Techniques for Designing Energy-Aware MPSoCs: Part 3Computation and storage energy directly benefit from device scaling (smaller gates, smaller memory cells), but unfortunately the energy for global communication does not scale down.
Projections assuming aggressive physical and circuit level optimizations for global wires  show that global communication on chip will require increasingly higher energy, the majority of it being active energy.
Hence, communication-related energy is a significant concern in future MPSoC systems that will create many new challenges that have not been addressed in traditional high-performance on-chip interconnect design.
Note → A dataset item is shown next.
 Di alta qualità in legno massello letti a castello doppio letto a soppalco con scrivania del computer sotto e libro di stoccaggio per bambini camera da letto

In this section we will explore various communication energy minimization approaches, moving from simple architectures (shared busses and point-to-point links), to complex advanced interconnects (networks on-chip [NoCs]) that are applicable to MPSoCs.
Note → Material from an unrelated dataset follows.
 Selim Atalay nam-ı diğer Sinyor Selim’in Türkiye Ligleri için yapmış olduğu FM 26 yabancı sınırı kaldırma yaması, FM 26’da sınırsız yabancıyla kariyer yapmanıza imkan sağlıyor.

The simplest on-chip communication channel is a bundle of wires, often called a bus. To be more precise, however, a bus can be significantly more complex than a bundle of wires. On-chip busses are highly shared communication infrastructures, with complex logic blocks for arbitration and interfacing. In an effort to maintain consistency with the surveyed literature, in the following we will use the term ''bus'' just as a synonym for a set of bundled wires.
It is, however, important to remember that implementing encoding schemes in real-life designs requires maintaining compliance with complex SoC bus protocols. This is not an easy task, as outlined in Osborne et al. .
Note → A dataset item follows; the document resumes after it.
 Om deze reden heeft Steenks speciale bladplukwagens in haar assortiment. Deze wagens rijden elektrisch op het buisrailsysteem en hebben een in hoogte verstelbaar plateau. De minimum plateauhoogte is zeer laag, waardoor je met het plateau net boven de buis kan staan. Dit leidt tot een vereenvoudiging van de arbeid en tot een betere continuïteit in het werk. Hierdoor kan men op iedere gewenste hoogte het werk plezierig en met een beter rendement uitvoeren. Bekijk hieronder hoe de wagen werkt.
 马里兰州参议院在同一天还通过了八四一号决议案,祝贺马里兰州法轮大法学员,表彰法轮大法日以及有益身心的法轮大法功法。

Bus Encoding for Low Power
Bus data communication has traditionally adopted straightforward encodings and modulation. The transfer function of the encoder and modulator of binary non-return-to-zero input streams was implicitly assumed to be unitary. In other words, no modulation and encoding were applied to the binary data before sending it on the bus. Low-energy communication techniques remove this implicit assumption, by introducing the concept of signal coding for low power.
The basic idea behind these approaches is to encode data sent through the communication channel to minimize its average switching activity, which is proportional to dynamic power consumption in CMOS technology. Ramprasad et al.  studied the data encoding for minimum switching activity problem and obtained upper and lower bounds on transition activity reduction for any encoding algorithm.
This important theoretical result can be summarized as follows: the savings obtainable by encoding depend on the entropy rate1 of the data source and on the amount of redundancy in the code. The higher the entropy rate, the lower the energy savings that can be obtained by encoding with a given code redundancy.
Even though the work by Ramprasad et al.  provides a theoretical framework for analyzing encoding algorithms, it does not provide general techniques for obtaining effective encoders and decoders. The complexity and energy cost of encoding and decoding circuits must be taken into account when evaluating any bus-encoding scheme.
Several authors have proposed low-transition activity encoding and decoding schemes. To illustrate the characteristics of these schemes in a simple setting, we consider a point-to-point, one-directional bus connecting two modules (e.g., a processor and its memory), as shown in Figure 2-10 below.
|Figure 2-10. Bus encoding: one-directional communication.|
Data from the source module are encoded, transmitted on the bus, and decoded at the destination. A practical instance of this configuration is the address bus for the processor/memory system. If the bus has very large parasitic capacitance, the energy dissipated in driving the lines during signal transitions dominates the total energy cost of communication (including the cost of encoding and decoding). However, as discussed in the following, this assumption has to be carefully validated whenever a new encoding scheme is proposed.